Exercise material:

= = = = =

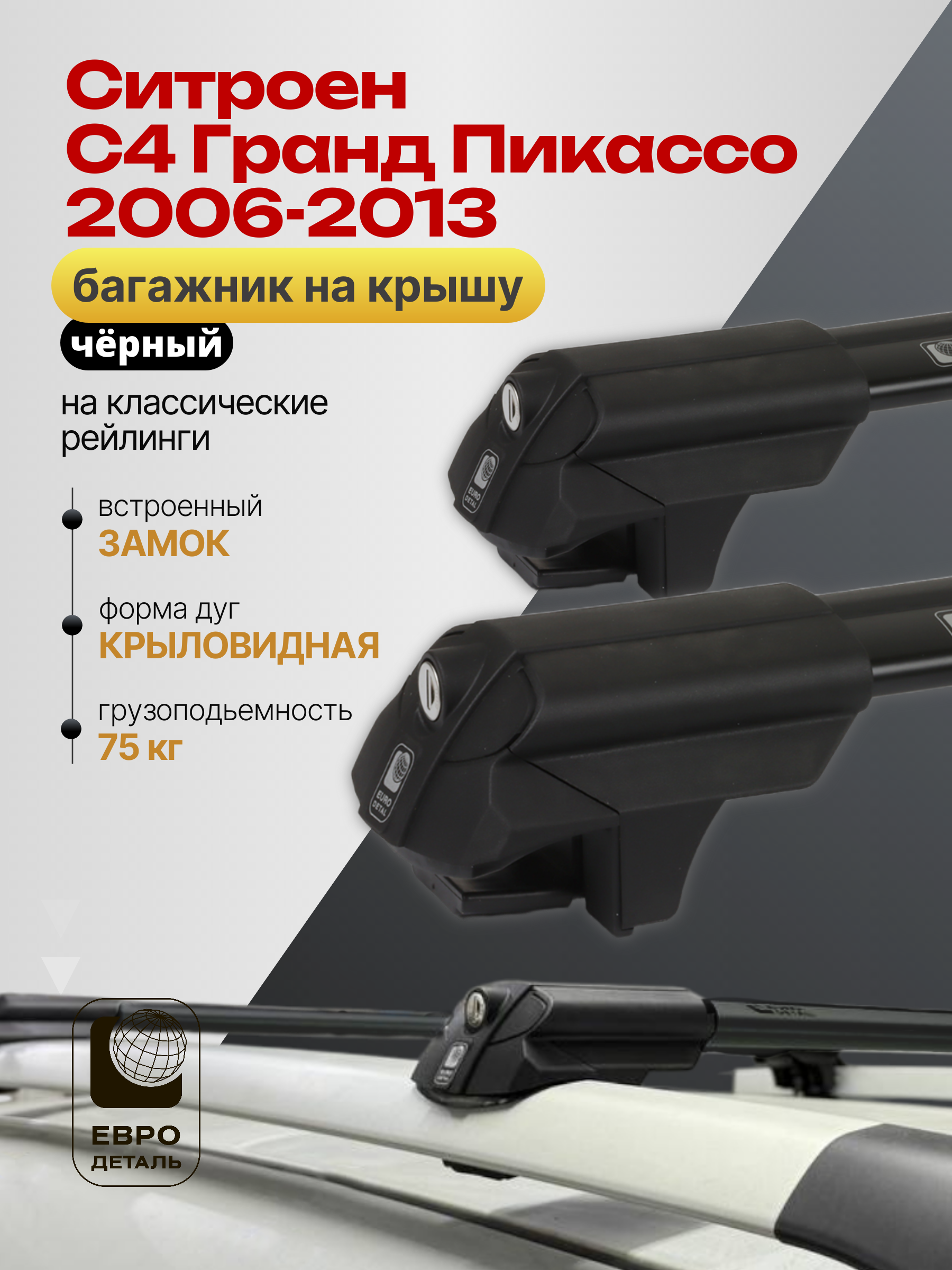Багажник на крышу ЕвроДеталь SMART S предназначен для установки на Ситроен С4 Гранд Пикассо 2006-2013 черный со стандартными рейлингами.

= = = = =

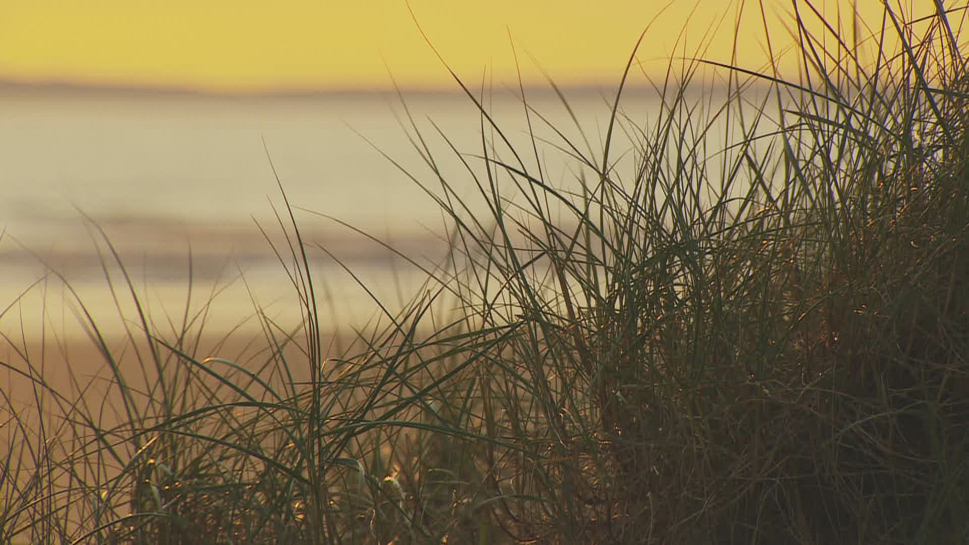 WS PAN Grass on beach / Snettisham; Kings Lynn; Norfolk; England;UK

= = = = =

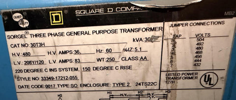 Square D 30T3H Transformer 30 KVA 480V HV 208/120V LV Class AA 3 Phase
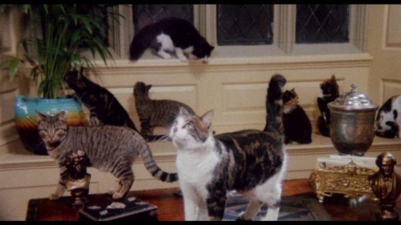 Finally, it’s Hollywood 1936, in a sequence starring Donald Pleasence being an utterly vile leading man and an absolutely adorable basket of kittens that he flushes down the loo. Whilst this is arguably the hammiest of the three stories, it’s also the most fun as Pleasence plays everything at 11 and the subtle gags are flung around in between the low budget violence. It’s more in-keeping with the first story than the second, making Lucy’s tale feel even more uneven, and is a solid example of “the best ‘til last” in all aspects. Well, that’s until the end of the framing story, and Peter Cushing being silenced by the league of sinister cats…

= = = = =

What to work on:
Nothing except the lines from the one containing "Square D 30T3H" through the one containing "Finally, it’s Hollywood" should appear in the answer, exactly as above and without pictures.

Response below:
 Square D 30T3H Transformer 30 KVA 480V HV 208/120V LV Class AA 3 Phase
 Finally, it’s Hollywood 1936, in a sequence starring Donald Pleasence being an utterly vile leading man and an absolutely adorable basket of kittens that he flushes down the loo. Whilst this is arguably the hammiest of the three stories, it’s also the most fun as Pleasence plays everything at 11 and the subtle gags are flung around in between the low budget violence. It’s more in-keeping with the first story than the second, making Lucy’s tale feel even more uneven, and is a solid example of “the best ‘til last” in all aspects. Well, that’s until the end of the framing story, and Peter Cushing being silenced by the league of sinister cats…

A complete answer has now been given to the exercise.